PROBLEM DETAILS |
Find "- El colchón" and "In four small" in the records below. Copy the lines holding them and every line between, exactly, and no others.

[RECORDS FOR THIS EXERCISE Boundary: Start]

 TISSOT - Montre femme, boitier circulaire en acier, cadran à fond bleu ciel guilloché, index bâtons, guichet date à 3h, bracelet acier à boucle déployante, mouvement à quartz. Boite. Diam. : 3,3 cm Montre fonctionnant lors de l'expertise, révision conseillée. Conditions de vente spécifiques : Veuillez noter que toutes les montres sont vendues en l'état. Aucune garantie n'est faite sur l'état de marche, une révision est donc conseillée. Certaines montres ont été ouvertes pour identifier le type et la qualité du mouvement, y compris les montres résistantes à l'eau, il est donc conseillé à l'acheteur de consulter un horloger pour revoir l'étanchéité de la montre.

[RECORDS FOR THIS EXERCISE Boundary: End]
[RECORDS FOR THIS EXERCISE Boundary: Start]

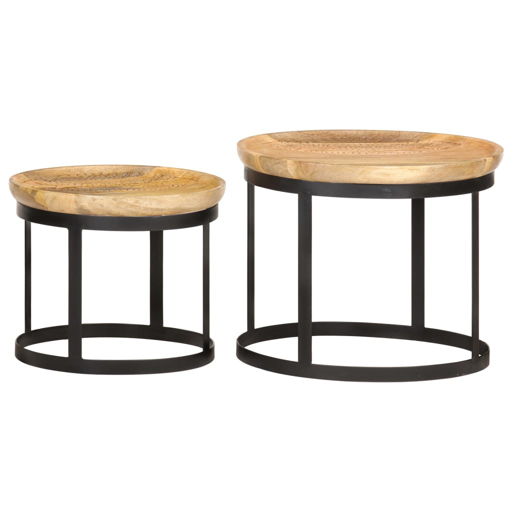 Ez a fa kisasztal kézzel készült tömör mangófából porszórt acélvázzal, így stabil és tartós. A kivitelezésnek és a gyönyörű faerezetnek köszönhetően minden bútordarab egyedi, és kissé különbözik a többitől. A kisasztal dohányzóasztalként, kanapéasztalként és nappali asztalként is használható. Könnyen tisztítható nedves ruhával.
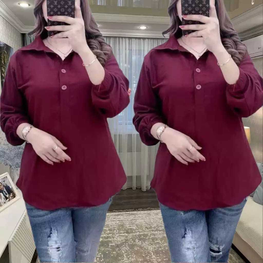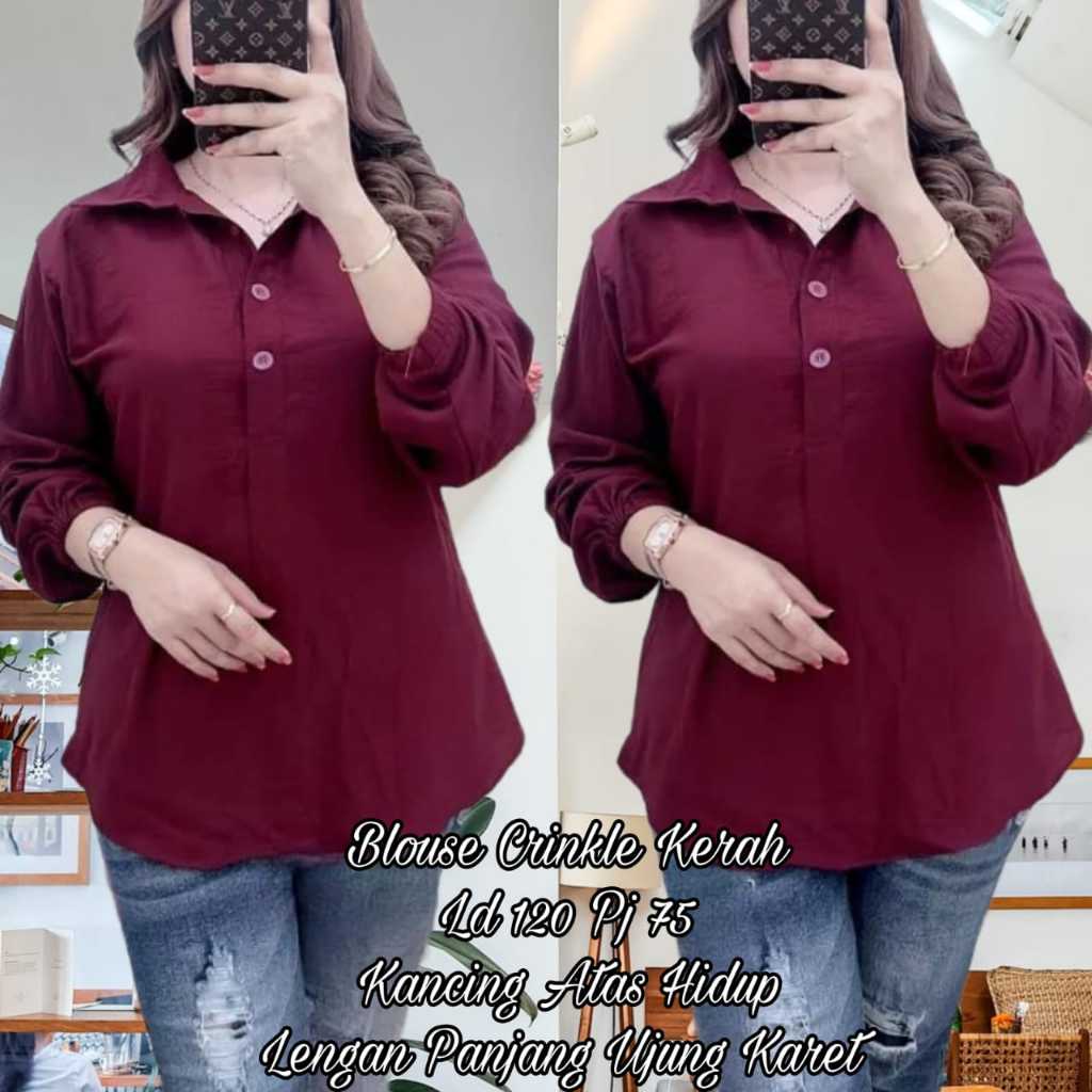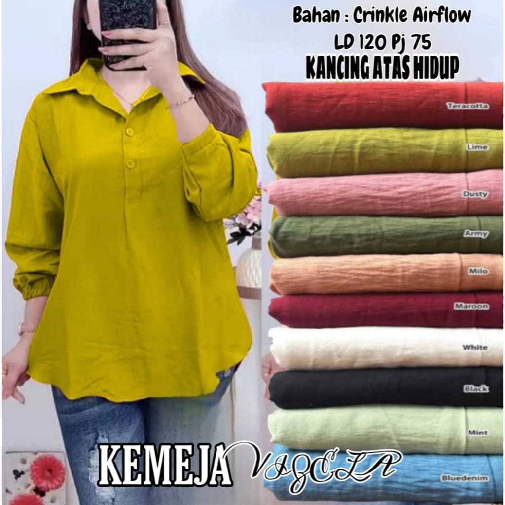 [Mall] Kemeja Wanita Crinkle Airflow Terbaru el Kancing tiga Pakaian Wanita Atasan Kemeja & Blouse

[RECORDS FOR THIS EXERCISE Boundary: End]
[RECORDS FOR THIS EXERCISE Boundary: Start]

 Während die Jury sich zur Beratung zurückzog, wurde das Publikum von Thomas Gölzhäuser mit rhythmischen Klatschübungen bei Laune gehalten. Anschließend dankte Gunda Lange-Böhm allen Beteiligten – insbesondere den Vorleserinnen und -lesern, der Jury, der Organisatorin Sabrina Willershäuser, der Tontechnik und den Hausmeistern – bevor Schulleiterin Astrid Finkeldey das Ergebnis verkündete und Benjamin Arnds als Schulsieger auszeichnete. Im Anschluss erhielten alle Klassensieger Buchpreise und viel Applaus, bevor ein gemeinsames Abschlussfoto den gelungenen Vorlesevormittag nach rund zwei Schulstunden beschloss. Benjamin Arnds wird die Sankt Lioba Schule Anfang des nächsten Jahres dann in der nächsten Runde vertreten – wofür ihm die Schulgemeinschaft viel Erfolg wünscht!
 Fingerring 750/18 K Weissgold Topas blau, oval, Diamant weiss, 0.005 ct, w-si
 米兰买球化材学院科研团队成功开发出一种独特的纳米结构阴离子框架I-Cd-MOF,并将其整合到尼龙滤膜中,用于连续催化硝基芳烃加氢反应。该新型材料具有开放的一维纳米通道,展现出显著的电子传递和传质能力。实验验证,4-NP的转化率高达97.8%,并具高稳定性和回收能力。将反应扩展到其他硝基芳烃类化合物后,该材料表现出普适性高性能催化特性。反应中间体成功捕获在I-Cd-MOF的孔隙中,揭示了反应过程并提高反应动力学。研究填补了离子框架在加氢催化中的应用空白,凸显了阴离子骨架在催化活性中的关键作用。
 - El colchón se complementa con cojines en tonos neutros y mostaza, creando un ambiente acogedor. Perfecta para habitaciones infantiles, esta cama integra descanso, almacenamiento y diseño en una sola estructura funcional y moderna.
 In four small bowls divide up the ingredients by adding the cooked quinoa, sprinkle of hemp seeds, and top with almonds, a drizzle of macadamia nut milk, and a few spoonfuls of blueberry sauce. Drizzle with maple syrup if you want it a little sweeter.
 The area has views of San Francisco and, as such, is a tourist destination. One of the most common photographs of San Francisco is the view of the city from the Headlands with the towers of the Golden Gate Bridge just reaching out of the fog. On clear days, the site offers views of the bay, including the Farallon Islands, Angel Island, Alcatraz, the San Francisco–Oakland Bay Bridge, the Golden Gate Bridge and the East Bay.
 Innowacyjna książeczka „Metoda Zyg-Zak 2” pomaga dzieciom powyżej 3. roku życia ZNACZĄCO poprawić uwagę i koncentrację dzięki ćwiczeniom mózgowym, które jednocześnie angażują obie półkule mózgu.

[RECORDS FOR THIS EXERCISE Boundary: End]

TASK RESPONSE |
 - El colchón se complementa con cojines en tonos neutros y mostaza, creando un ambiente acogedor. Perfecta para habitaciones infantiles, esta cama integra descanso, almacenamiento y diseño en una sola estructura funcional y moderna.
 In four small bowls divide up the ingredients by adding the cooked quinoa, sprinkle of hemp seeds, and top with almonds, a drizzle of macadamia nut milk, and a few spoonfuls of blueberry sauce. Drizzle with maple syrup if you want it a little sweeter.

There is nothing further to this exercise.